The key document is a share sale agreement in the case of a company or an asset sale agreement if the transaction relates to the assets. A buyer will be concerned about:
ownership of shares or assets
power and authority to make the sale
indemnities and warranties
tax implications of the deal immediately and in the future
In simple terms ‘Warranties’ are statements made by the Seller that the Buyer relies upon when buying the business. The simplest and most obvious is that the Seller owns the assets or shares and has the right to sell them. If the Warranty is incorrect then the Seller has the right to sue the Buyer for breach of Warranty after completion. Warranties serve a dual purpose: firstly they provide a remedy for breach of contract; perhaps more usually, they assist in the due diligence process by flushing out information before a contract is signed.
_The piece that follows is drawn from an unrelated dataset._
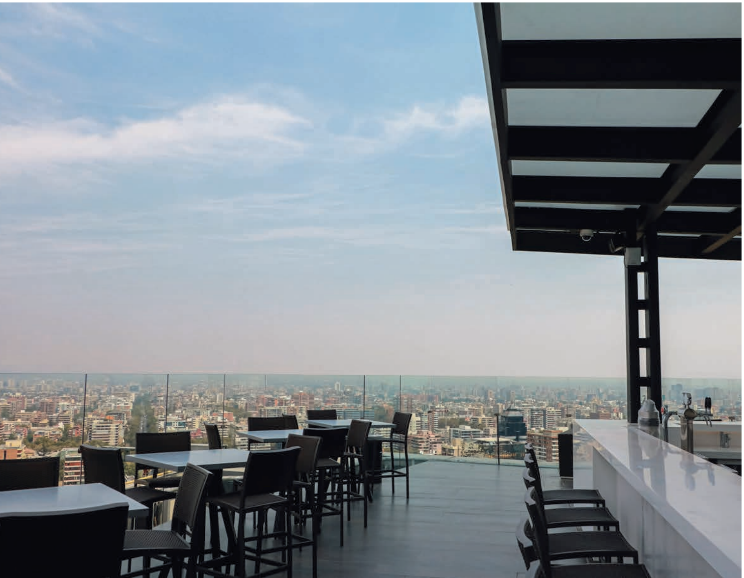
Desde la terraza del Luna Bar se aprecia una panorámica de Santiago.
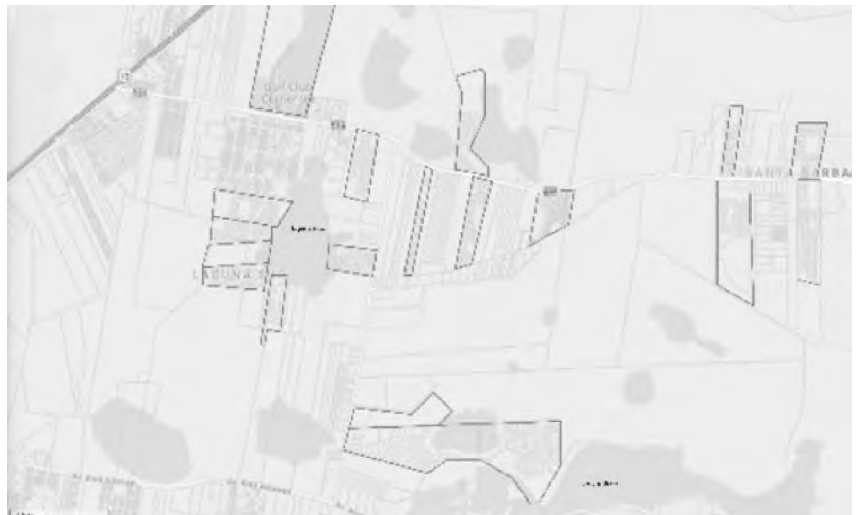
Figura 6. Mapa Gis con sectorización de Clubes de Campo (CC)

la normativa que subraya las zonas con interés paisajístico . Pareciera, de esta manera, que el interés en el paisaje solo es para los dueños que la rodean.

Warranties are a difficult area and one of the areas in the contract where disputes, delays and costs can grow like topsy, if a commercial and practical approach is not adopted by both parties and their lawyers. The Warranties consist of a series of factual assertions about the business, its performance, assets and liabilities.
If the transaction is a Company selling its assets the buyer will usually want the directors or the shareholders of the Company to stand over the warranties. The intention is that the buyers should have the comfort of knowing that the business is as stated and described to them.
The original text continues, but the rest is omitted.